Transcribe the records below exactly as they appear, omitting any pictures.

┌─ Dataset records

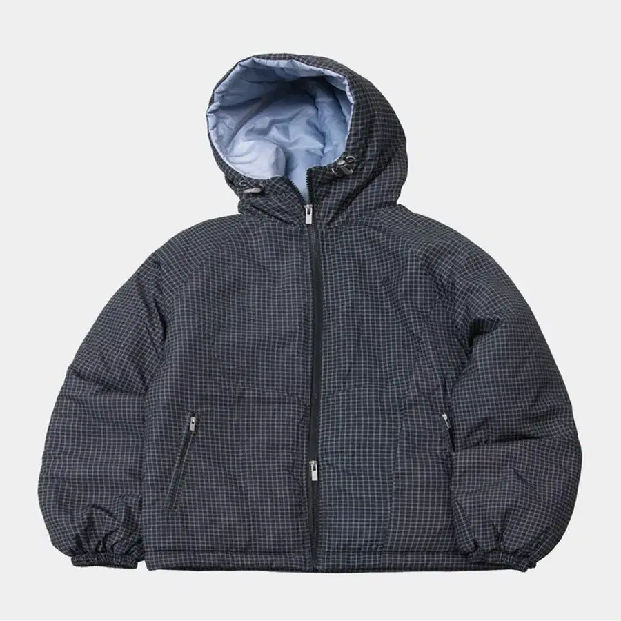 SOME PLACE 체크 후드 자켓 더블 지퍼 블랙
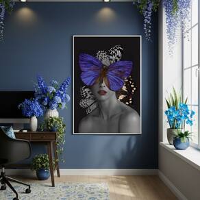 Quadro Decor Efeito Borboleta 70x50cm Mold Preta
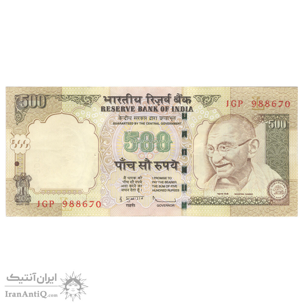 اسکناس 500 روپیه 2010 جمهوری - بدون نماد روپیه در پشت - تک - EF45 - هند
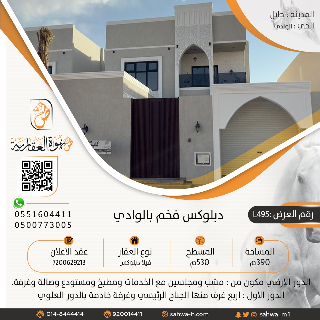 للبيع فيلا فاخرة في حي الوادي غرب الشريان
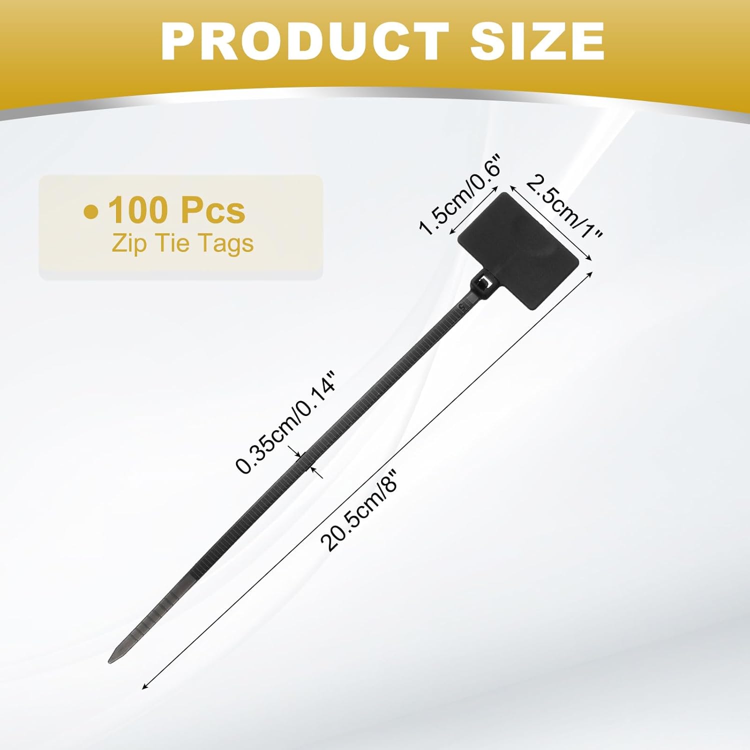 - Package & Size: You will receive 100 cable marker tags. The table tie size is 20.5 x 0.35 cm/8 x 0.14 inch (L*W), and the label size is 2.5 x 1.5 cm/1 x 0.6 inch (L*W), which is enough for your daily use. Note: Due to manual measurement, there will be a slight deviation of ±1/2cm from the actual size.

└─

**Exercise output**
 SOME PLACE 체크 후드 자켓 더블 지퍼 블랙
 Quadro Decor Efeito Borboleta 70x50cm Mold Preta
 اسکناس 500 روپیه 2010 جمهوری - بدون نماد روپیه در پشت - تک - EF45 - هند
 للبيع فيلا فاخرة في حي الوادي غرب الشريان
 - Package & Size: You will receive 100 cable marker tags. The table tie size is 20.5 x 0.35 cm/8 x 0.14 inch (L*W), and the label size is 2.5 x 1.5 cm/1 x 0.6 inch (L*W), which is enough for your daily use. Note: Due to manual measurement, there will be a slight deviation of ±1/2cm from the actual size.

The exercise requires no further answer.